62. As a part of and in furtherance of his scheme to defraud, Gaines, directly and indirectly, in connection with tender offers and purchases and sales of securities, misrepresented material facts, and omitted to state material facts necessary in order to make the statements made, in light of the circumstances under which they were made, not misleading, including, but not limited to, those set forth in paragraphs 1 through 59 above.
63. Gaines knowingly or recklessly engaged in the conduct described in this Claim.
64. By reason of the foregoing, Gaines violated and, unless enjoined, will continue to violate the provisions of Section 10(b) of the Exchange Act [15 U.S.C. § 78j(b)] and Rule 10b-5 [17 C.F.R. § 240.10b-5] thereunder.
Section 14(e) of the Exchange Act: Fraud In Connection with Tender Offers
65. Plaintiff Commission repeats and incorporates paragraphs 1 through 59 of this Complaint by reference as if set forth verbatim.
66. By engaging in the conduct alleged herein, Gaines in connection with a tender offer, a request for invitation for tenders, or a solicitation of security holders in favor of such offer, request or invitation: (a) made untrue statements of material fact, or omitted to state material facts necessary in order to make the statements made, in light of the circumstances under which they were made, not misleading; and/or (b) engaged in fraudulent, deceptive or manipulative acts or practices.
67. Gaines knew or recklessly disregarded the fact that his statements and/or conduct with respect to the tender offers described herein included the material false statements and omissions described herein.
68. By reason of the foregoing, Gaines violated, and unless enjoined, will continue to violate Section 14(e) of the Exchange Act [15 U.S.C. § 78n(e)] and Rule 14e-1 [17 C.F.R. § 240.14e-1] thereunder.
Exchange Act Rule 14e-1: Failure to Pay Promptly for Tendered Shares
69. Plaintiff Commission repeats and incorporates paragraphs 1 through 59 of this Complaint by reference as if set forth verbatim.

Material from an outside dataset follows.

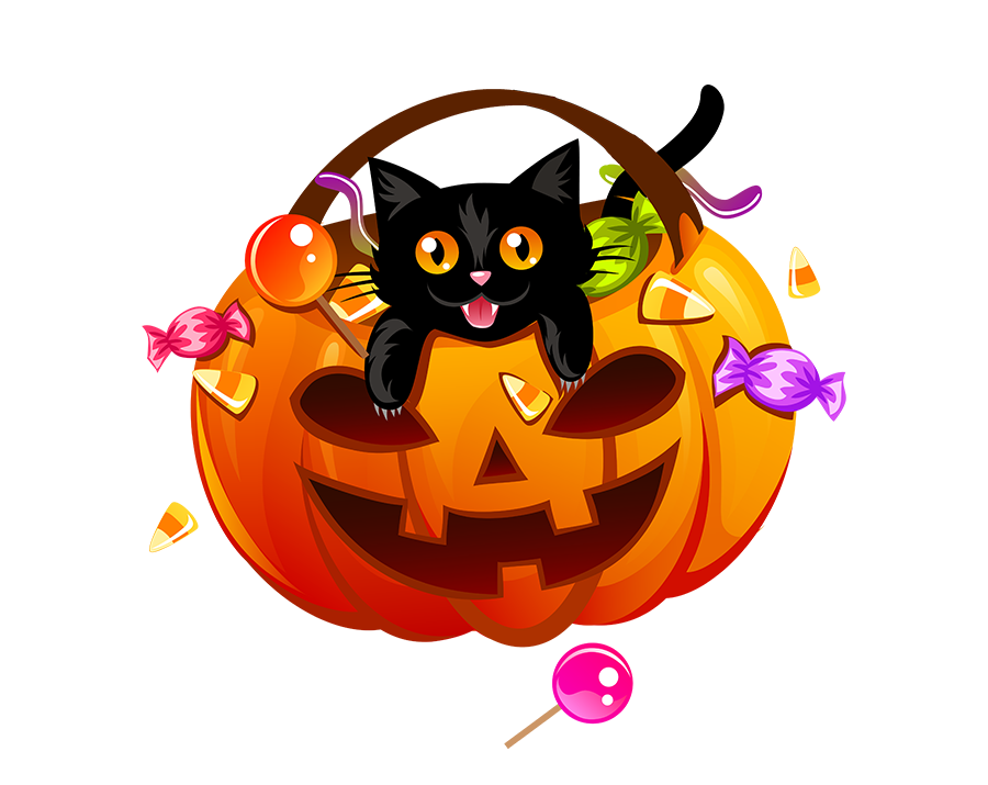 Transparent Halloween PNG image of a smiling jack-o'-lantern decorated with a peeking black cat and surrounding candies

70. By engaging in the conduct alleged herein, Gaines failed to pay the consideration he offered promptly after termination of the tender offer.
71. By reason of the foregoing, Gaines violated, and unless enjoined, will continue to violate Section 14(e) of the Exchange Act [15 U.S.C. § 78n(e)] and Rule 14e-1(c) [17 C.F.R. § 240.14e-1(c)] thereunder.
PRAYER FOR RELIEF
WHEREFORE, the Commission respectfully requests that this Court enter a judgment:
(i) permanently enjoining Gaines, and his agents, servants, employees, attorneys, and those in active concert or participation with him, who receive actual notice by personal service or otherwise, from violating Sections 10(b) and 14(e) of the Exchange Act [15 U.S.C. §§ 78j(b) and 78n(e)] and Rules 10b-5 and 14e-1 [17 C.F.R. §§ 240.10b-5 and 240. 14e-1] thereunder.
(ii) ordering Gaines to provide an accounting of all ill-gotten gains from the conduct alleged herein;
(iii) ordering Gaines to disgorge all ill-gotten gains from the conduct alleged herein, with prejudgment interest;
(iv) ordering Gaines to pay civil money penalties pursuant to Section 21(d)(3) of the Exchange Act [15 U.S.C. § 78u(d)(3)];
(v) granting such other relief as this Court may deem just and appropriate.